Reading of Declaration of Indepencence

This account is taken from the N.E. Chronicle of July 25, 1776. It reads as follows: "Thursday last, pursuant to the order of the honorable council, was proclaimed from the balcony of the State House in this town, the Declaration of the American Congress, absolving the United Colonies from their allegiance to the British crown, and declaring them free and independent states. There were present on the occasion in the council chamber, a committee of council, a number of the honorable house of representatives, the magitrates, selectmen and other gentlemen of Boston and the neighboring towns, also the comission officers of the Continental regiments stationed here, and other officers. Two of these regiments were under arms in King street, formed into three lines on the north side of the street and in thirteen divisions, and a detachment from the Massachusetts regiment of artillery, with two pieces of cannnon, was on their right wing. At one o'clock, the Declaration was proclaimed by Col. Thomas Crafts, which was received with great joy expressed by three huzzas from a great concourse of people, assembled on the occasion. After which, on a signal given, thirteen pieces of cannon were fired from the fort on Fort-hill; the forts at Dorchester Neck, the Castle, Nantasket, and Point Alderton likewise discharged their cannon. Then the detachment of artillery fired their cannon thirteen times, which was followd by the two regiments giving their fire from the thireen divisions in succession. These firings corresponded to the number of the American states united. The ceremony was closed with a proper collation to the gentlemen in the Council Chamber; during which the following toasts were given by the president of the council and heartly pleaged by the company, viz.:

'Prosperity and perpetuity to the United States of Amercia.'

'The American Congress.''

'General Washington, and success to the arms of the United States.'

'The downfall of tyrants and tyranny.'

'The universal prevalence of civil and religious liberty.'

'The friends of the United States in all quarters of the globe.'

The bells in town were rung on the occasion, and festivity cheered and brightened evey face. On the same evening, the King's arms and every sign with any resemblance of it, whether Lion and Crown, Pestle and Mortar, and Crown, Heart and Crown, etc., together with every sign that belonged to a Tory, were taken down, and the latter made a general conflagration of in King street."

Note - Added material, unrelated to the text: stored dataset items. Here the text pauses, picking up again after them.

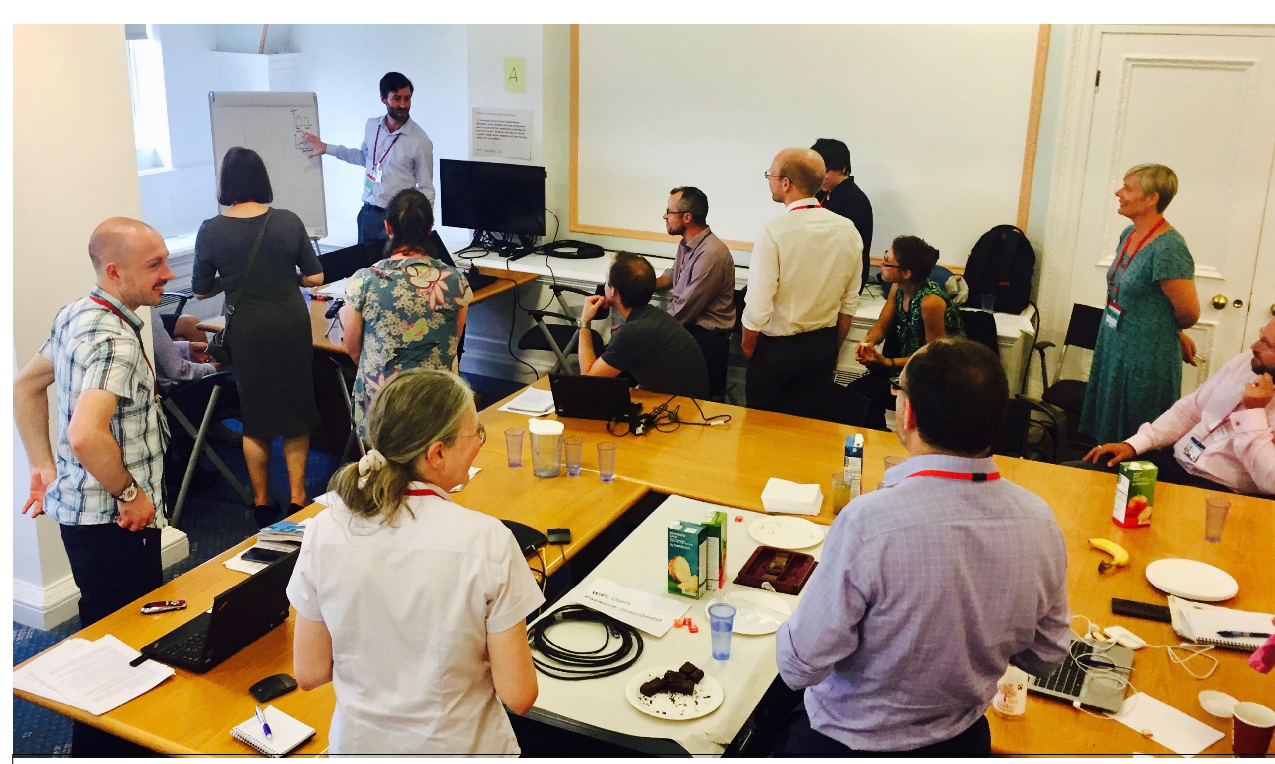
An event with Cecan and Defra to explore new methodologies of evaluation
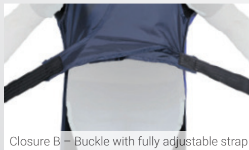
Closure B – Buckle with fully adjustable strap
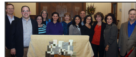
Temple Israel's latest adult Benei Mitzvah class preparing for their “graduation” with the clergy and their tutors.
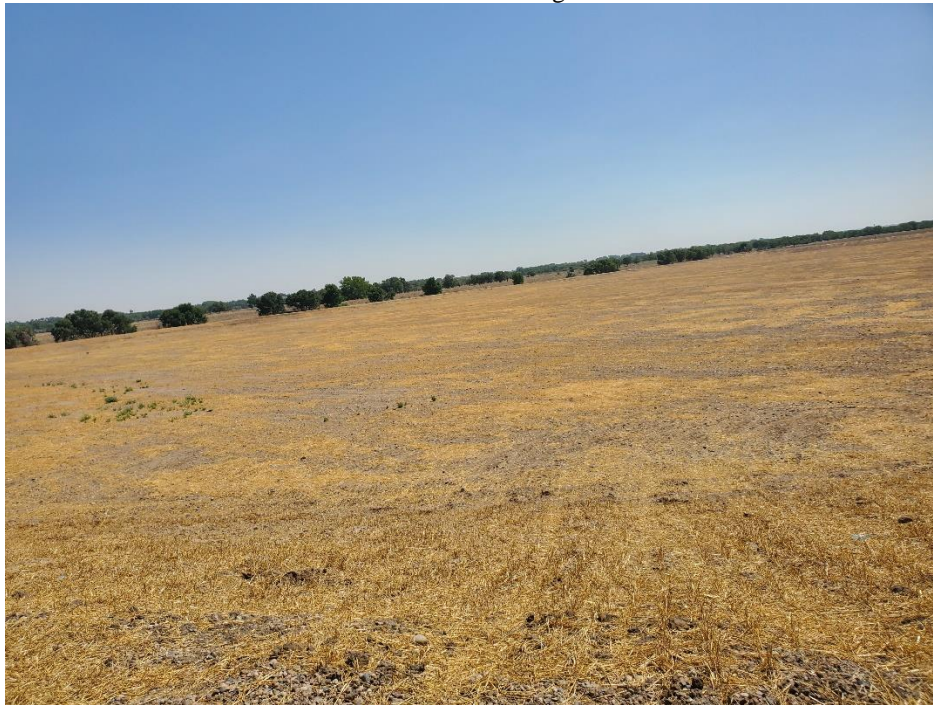
Mine Site Facing Southwest
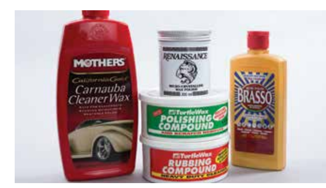
There is a huge assortment of compounds available from industrial sources. Don't be afraid to experiment with non-traditional items
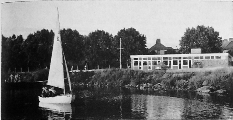
A view of the Welsh Harp Sailing Base, Cool Oak Lane, Hendon, which provides excellent facilities for young people to learn the arts of sailing.
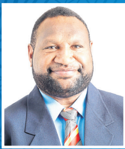
HON. JAMES MARAPE, MP PRIME MINISTER
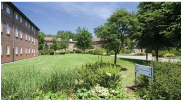
Warwick Accommodation: The University is dedicated to managing students' accommodation requirements both on and off campus. Over 5,700 campus rooms and more than 1,500 off-campus rooms in Leamington Spa and Coventry.
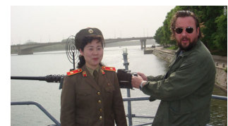
Vice Guide to North Korea - Trailer
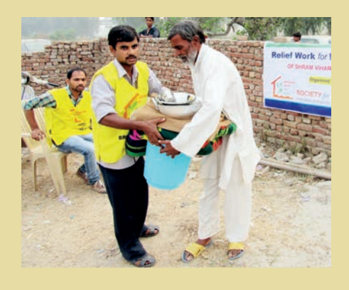
20313 Victims of natural calamities in Chennai, Nepal, Bihar and Delhi benefited from our Disaster Relief Programs.
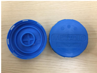
DN50 DIN11851 Disposable Cap (Blue) manufactured from PP Food safe and FDA material

Metano Limited. Units 14/15 Winfield Industrial Estate Rowlands Gill, Tyne & Wear, United Kingdom. NE39 1EH T: +44 (0) 01207 549 448 F: +44 (0) 01207 549 447 E: sales@metano.com W: www.metano.com
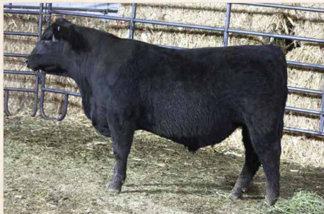
LYMANS PATRIARCH M59 Sells as Lot 51.
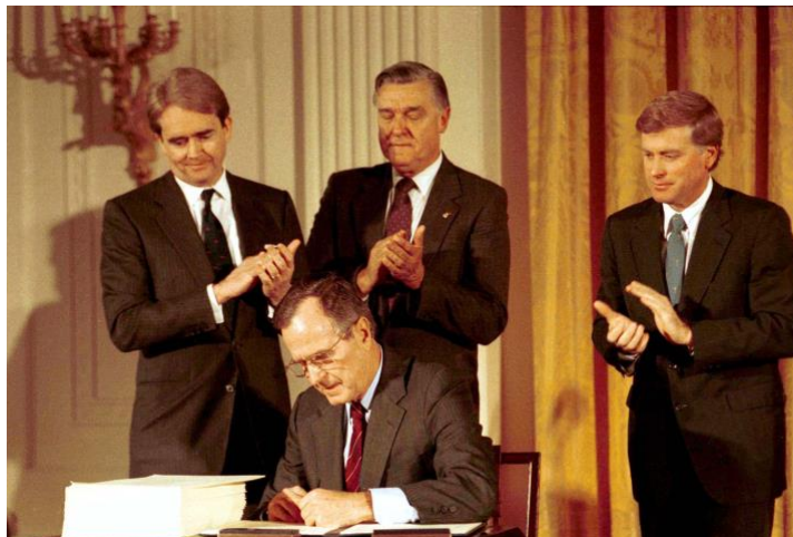
President Bush signs the Clean Air Act Amendments, East Room of the White House. November 15, 1990

This is the first of our Environmental Awareness Series. Upcoming topics include: The N.A. Wetlands Conservation Act, Wildlife Refuges, and the Antarctic Protection Act.
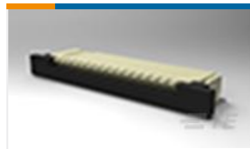
TE Part # 2-84953-2 1MM FPC HORZ.TOP CONT.ASSY 22P

Col. Thomas Crafts also took an active intrest in Masonic matters. He became a member of St. Andrew's Lodge F. and A. M. in 1762, and afterwards became a member of the Grand Lodge of Massachusetts. His name appears also, as S. G. D., on the charter of Essex Lodge, March. 10, 1779…
…He was for many years a Justice of the Peace, and during the latter part of his life served as acting Justice.

From the "Columbian Centinel" of Jan. 16, 1799, we copy the following notice of the death of Col. Thomas Crafts: "Died in this town, Thomas Crafts, Esq., Æ 59. His funeral will be from his dwelling-house, north side of the the Old Brick Meeeting-house, this afternoon, at four o'clock, which the friends and relatives are requested to attend."